1

I want google to stop craw/index duplicate and non existing page in my website.

Google index page by auto creating url parameters from my site which then makes no sense/non existing page and some of them makes duplicate content.

Example:

Google index these type of url which do not exists

http://www.example.com/url-pr1/url-pr2/?keyword=url-pr1&url-pr3=url-pr4

Google index these type of url which makes duplicate content

http://www.example.com/page.php?link=url-pr1&url-pr2=url-pr4
//duplicate for page like http://www.example.com/url-pr1/url-pr4/

I have added ulr parameters in webmaster tools as No-Urls but still google keeps indexing these kind of url.

How can I tell google that these pages do not exist or have duplicate content and to not index pages by auto creating url parameters.

Shall I use redirect to 404 page for url parameters that do not make sense and if so how to do it using htaccess.

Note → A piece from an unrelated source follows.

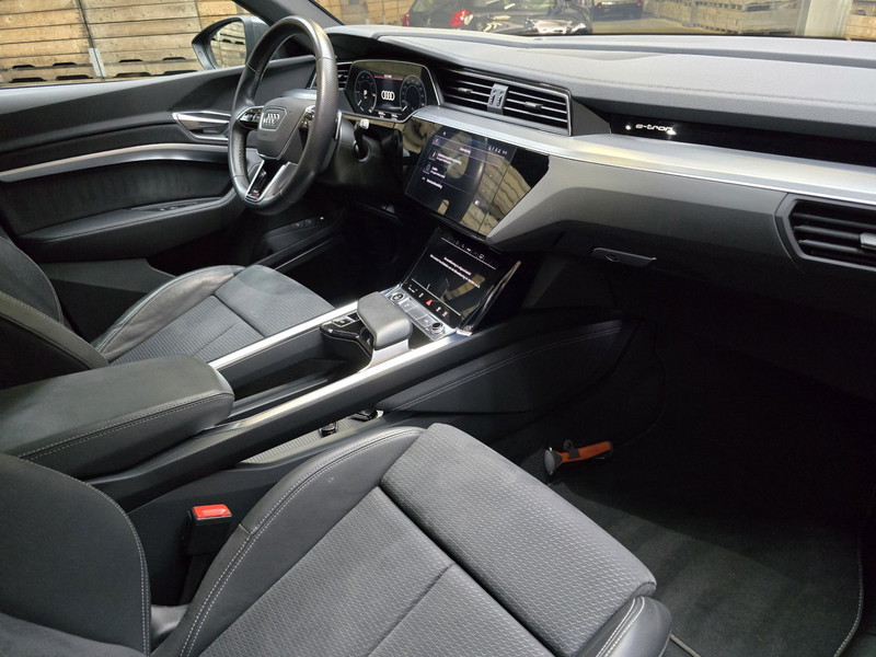Gebouwd voor liefhebbers van autorijden, deze Audi E-tron levert sportieve prestaties en onafgebroken rijplezier. Een aantrekkelijke en fraaie optie is de expressieve S-Line styling. De ruime lichtinval door het elektrisch bediende glazen panorama dak zorgt voor een heerlijk ruim gevoel. Met één klik te openen voor frisse lucht en een mild windje in de auto. Dat is gemak en plezier! Overigens is het happy-klik gevoel ook aanwezig bij de elektrisch bedienbare achterklep. Hoe koud het buiten ook is, de stoelverwarming geeft u meteen een behaaglijk gevoel. Ribbels en hobbels in de weg worden royaal gladgestreken door de aanwezige luchtvering. Verder is de Audi uitgerust met: LED koplampen, halflederen bekleding, warmtewerend glas, in delen neerklapbare achterbank, LED-achterlichten en verstelbare lendensteunen.

Please see and suggest any possible way to do it.

Thanks.

4sha
  • 326
  • 1
  • 3
  • 12

1 Answers1

0

If the URLs are actually invalid, you should return a 404 response, which should prevent Google from indexing the page.

If the URL leads to duplicate content, then you should make sure the page has a canonical URL on it. That will help Google to recognize that it is a duplicate

Eric Petroelje
  • 59,820
  • 9
  • 127
  • 177
  • how to return a 404 response using htacces. I tried like this but it wont work `RewriteBase / RewriteCond %{REQUEST_URI} !\.(xml|txt|js|css|png|jpg|jpeg|gif|php)$ RewriteRule ^([^/]+)/([^/]+)/([^/]+)/([^/]+)/?$ /error/403.html [L] ` –  Jun 20 '13 at 13:59
  • @TallboY - you shouldn't need to. If the URL is invalid, Apache should issue a 404 automatically. – Eric Petroelje Jun 20 '13 at 14:05
  • @ Eric Petroelje yes it does for most of the pages, but for pages that exist and are accessed with extra url parameters it doesn't return a 404 response, insted it returns page with no css and javascript applied or with some other errors. –  Jun 20 '13 at 14:08
  • @ Eric Petroelje I want Google resource to properly index my site instead of wasting resource and time –  Jun 20 '13 at 14:11
  • @TallboY - if that's the case, then you would need to check the parameters on the page itself - if they are invalid, then you would issue a 404 from your PHP code. Like this: http://stackoverflow.com/questions/437256/sending-a-404-error-in-php – Eric Petroelje Jun 20 '13 at 14:17
  • Yes that may help, I'll try it. –  Jun 20 '13 at 14:19